NB: I'm assuming from the way you worded the question that your '2D manifold' is supposed to be a surface in $xyz$-space and that the 'projection' is the projection to the $xy$-plane. You may have had a more general situation in mind, such as a surface in $\mathbb{R}^n$ for $n>2$ or a more general projection than the obvious one. In that case, the answer would change, but there is still a way of finding the answer. Let me know if you want to know about these more general situations.

You are asking a special case of an inverse problem in the calculus of variations, and there is a standard method for solving this problem. Note that, it is not true that every 2-parameter family $\mathscr{F}$ of curves in the plane (or an open domain in the plane) that has the property that there is a unique curve in the family passing through any given point in any given direction is the set of geodesics of some Riemannian metric, so it could easily be that most of the curve families $\mathscr{F}$ you might consider aren't the projections of geodesics of a metric of the form that you describe, i.e., a metric of the form $$ g = \sqrt{dx^2+dy^2 + df^2} $$ where $f = f(x,y)$ is a function on the given domain in the plane.

The reconstruction method involves computing the Euler-Lagrange equation for the above $g$ as a Lagrangian for curves in the plane and writing it in the form $$ y'' = F(x,y,y') $$ for a certain function $F$. Then you set this $F$ equal to the equation that defines your curve family. For example, for the family $y = c_1 + c_2 e^x$, you'd have $y'' = y'= F(x,y,y')$. This will give you an overdetermined equation for $f$ and then you apply the usual theory of overdetermined systems to determine whether or not there is a solution.

Here, more explicitly, is what this amounts to: If your curve family is described by a second order equation of the form $y'' = G(x,y,y')$, then any function $f(x,y)$ on a domain such that the above metric has the curve family as geodesics must satisfy the nonlinear equation $$ \begin{align} (1{+}f_x(x,y)^2{+}f_y(x,y)^2)G(x,y,y') &= - f_y(x,y)f_{xx}(x,y) \\cr &\ \ \ \ - \bigl(2f_y(x,y)f_{xy}(x,y){-}f_x(x,y)f_{xx}(x,y)\bigr)y'\\cr &\ \ \ \ +\bigl(2f_x(x,y)f_{xy}(x,y){-}f_y(x,y)f_{yy}(x,y)\bigr)(y')^2\\cr &\ \ \ \ +f_x(x,y)f_{yy}(x,y)(y')^3. \end{align} $$ Note that, one thing you'd know right off the bat is that if your defining equation for the curve family isn't of the form $y'' = G(x,y,y')$ where $G$ is at most cubic in $y'$, then there will be no solution.
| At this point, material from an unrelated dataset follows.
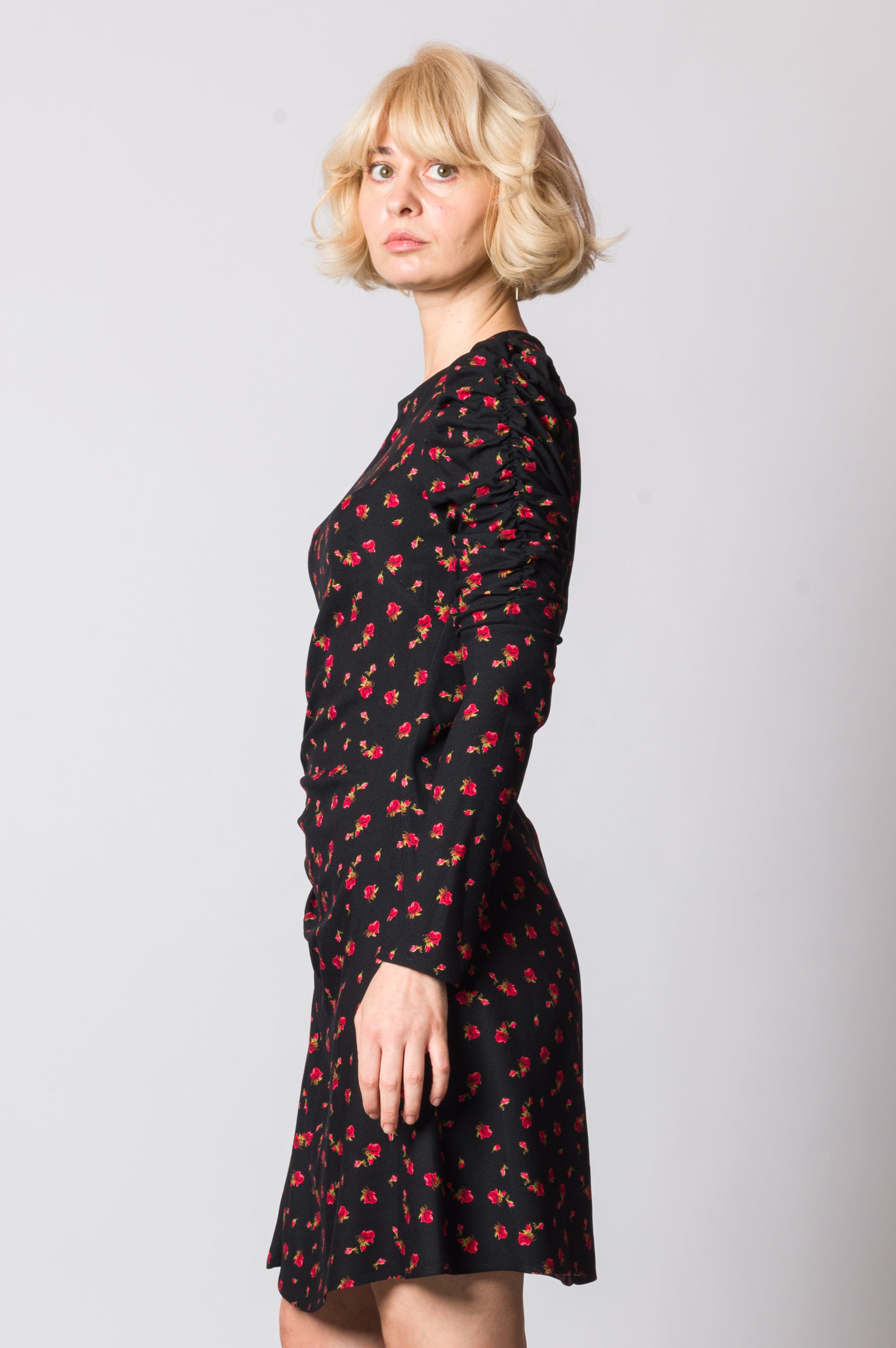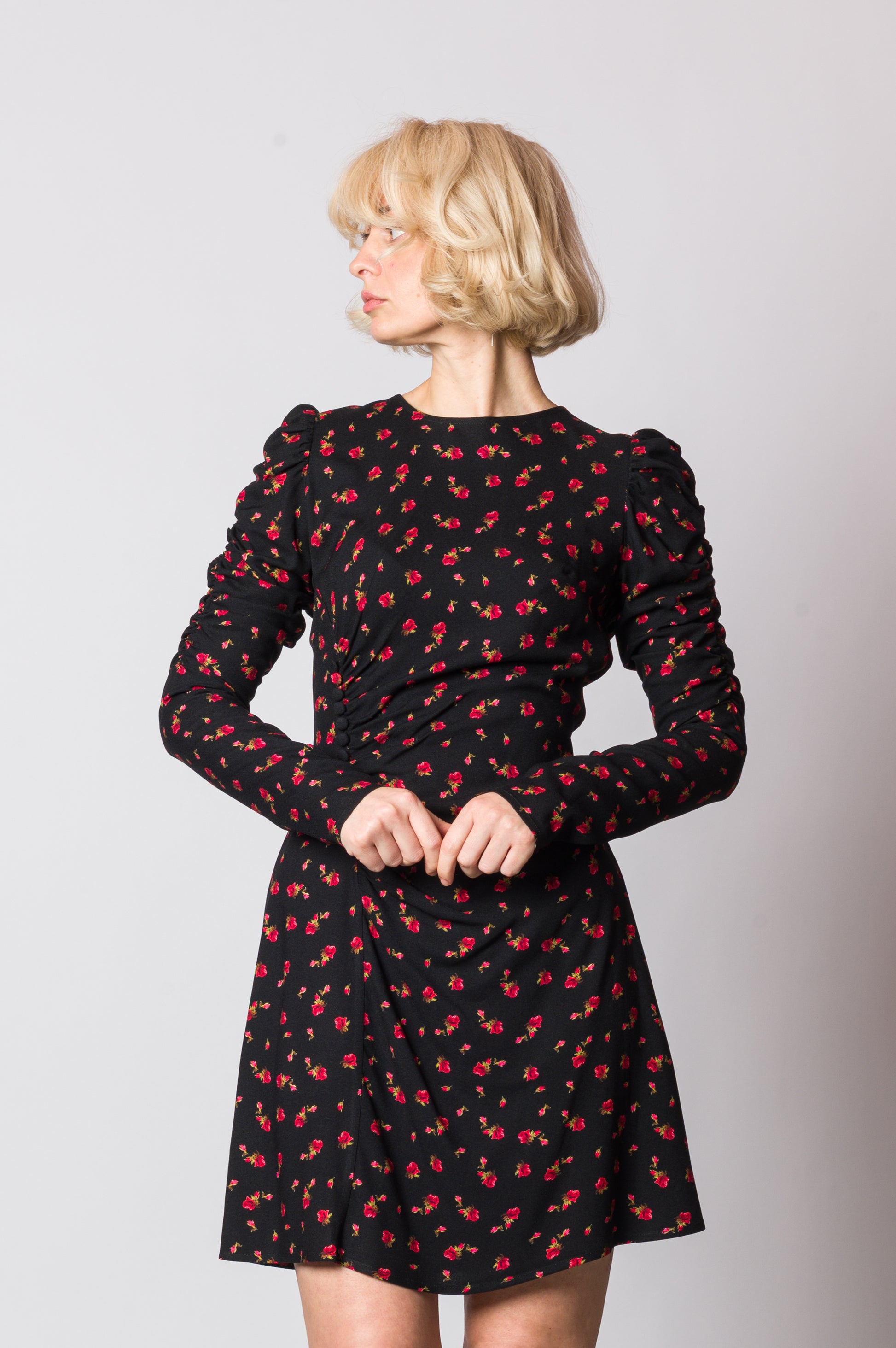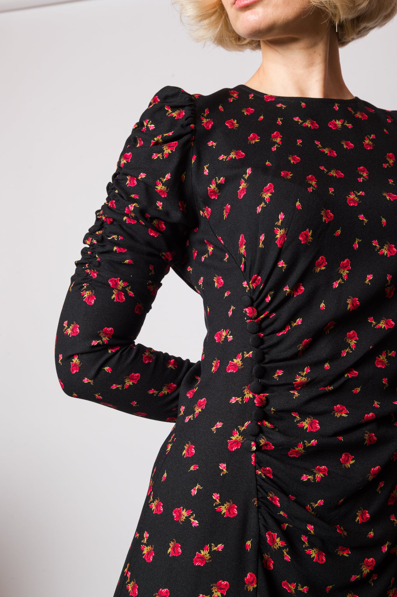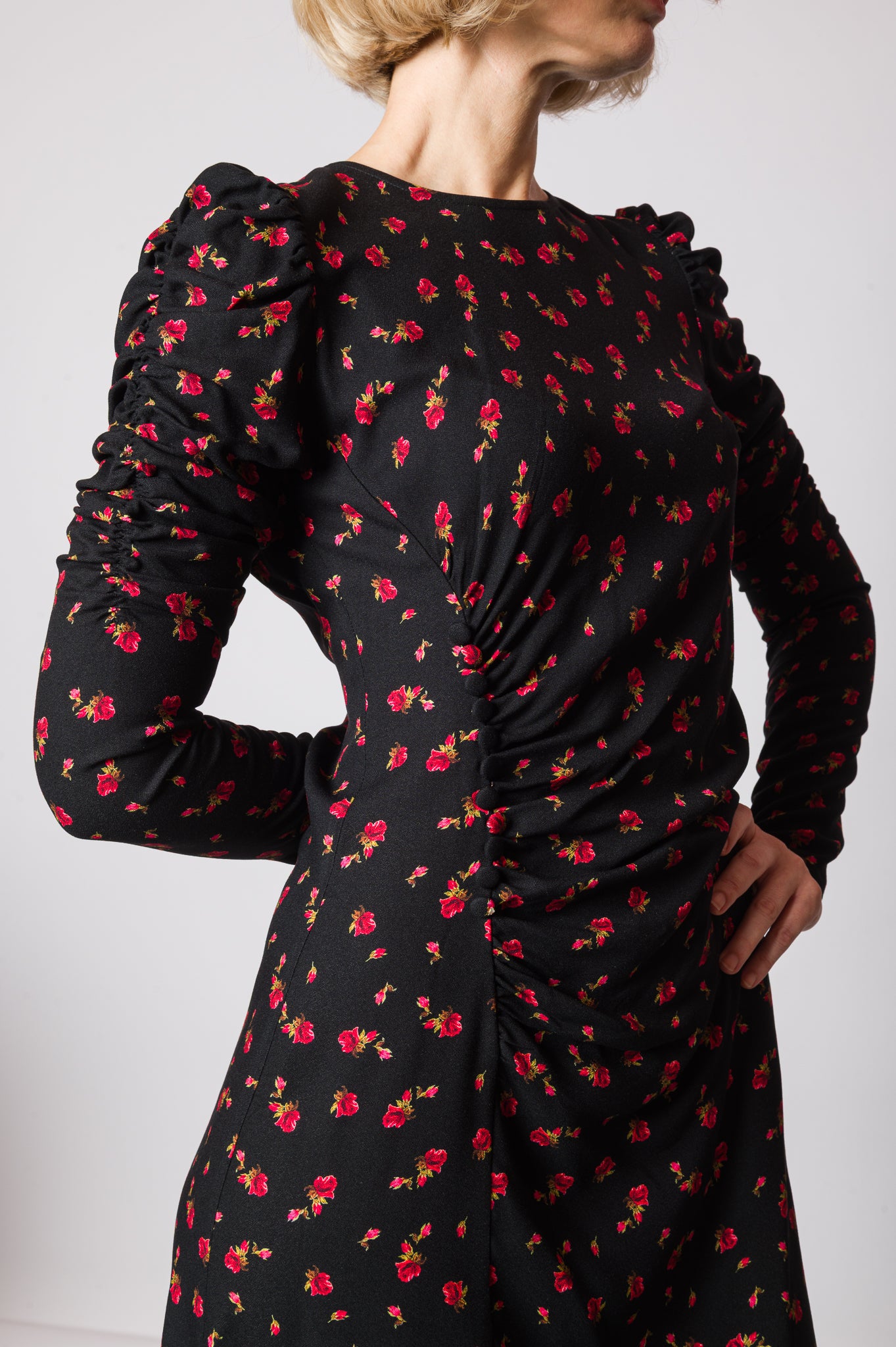 Il midi dress a fantasia rose è l’abito perfetto per chi ama la femminilità con dettagli unici e ricercati. Realizzato in un tessuto fluido che accompagna le linee del corpo, presenta un elegante drappeggio sul fianco destro che valorizza la silhouette e dona movimento. I bottoni laterali sul lato destro aggiungono un dettaglio sartoriale che rende il modello ancora più esclusivo. La chiusura con zip sul retro garantisce praticità, mentre la fantasia di rose conferisce un tocco romantico e sofisticato. Con la sua lunghezza midi e le maniche lunghe, è perfetto per occasioni speciali, serate eleganti o eventi in cui vuoi sentirti protagonista.

This is only a first necessary condition, though, it is not sufficient. To see more conditions, suppose that the curve family is the set of solutions of $$ y''=G(x,y,y')=a_0(x,y)+a_1(x,y)\ y'+a_2(x,y)\ (y')^2+a_3(x,y)\ (y')^3.\tag{1} $$ Substituting this into the above equation and equating like powers of $y'$ will yield $4$ second order equations for $f$ in terms of the functions $a_i$, namely $$ \begin{align} - f_y\ f_{xx} &= a_0\ (1{+}{f_x}^2{+}{f_y}^2)\\cr -2f_y\ f_{xy}{+}f_x\ f_{xx} &= a_1\ (1{+}{f_x}^2{+}{f_y}^2)\\cr 2f_x\ f_{xy}{-}f_y\ f_{yy} &= a_2\ (1{+}{f_x}^2{+}{f_y}^2)\\cr f_x\ f_{yy} &= a_3\ (1{+}{f_x}^2{+}{f_y}^2). \end{align}\tag{2} $$ For most choices of $a_i$ these equations are incompatible.

Thus, for example, if $G\equiv0$, $f$ must satisfy the four second order equations $$ f_y\ f_{xx} = f_x\ f_{xx}-2f_y\ f_{xy} = f_y\ f_{yy}-2f_x\ f_{xy} = f_x\ f_{yy} = 0. $$ Of course, this implies that, at any point where $(f_x,f_y)$ is nonzero, one must have $f_{xx}=f_{xy}=f_{yy}=0$, so the only solutions to these equations are to have $f$ be a linear function of $x$ and $y$ (and all linear functions are solutions). In the case in which $G\equiv 2$ (the monic quadratic polynomials), the equations become $$ f_y\ f_{xx} + 2(1{+}{f_x}^2{+}{f_y}^2) = f_x\ f_{xx}-2f_y\ f_{xy} = f_y\ f_{yy}-2f_x\ f_{xy} = f_x\ f_{yy} = 0, $$ and it is not difficult to see that there are no solutions to this overdetermined system. In the case in which $G\equiv y'$ (your other case), the equations become $$ f_y\ f_{xx} = f_x\ f_{xx}-2f_y\ f_{xy} + 2(1{+}{f_x}^2{+}{f_y}^2) = f_y\ f_{yy}-2f_x\ f_{xy} = f_x\ f_{yy} = 0, $$ and it is easy to see that there are no solutions to this system either.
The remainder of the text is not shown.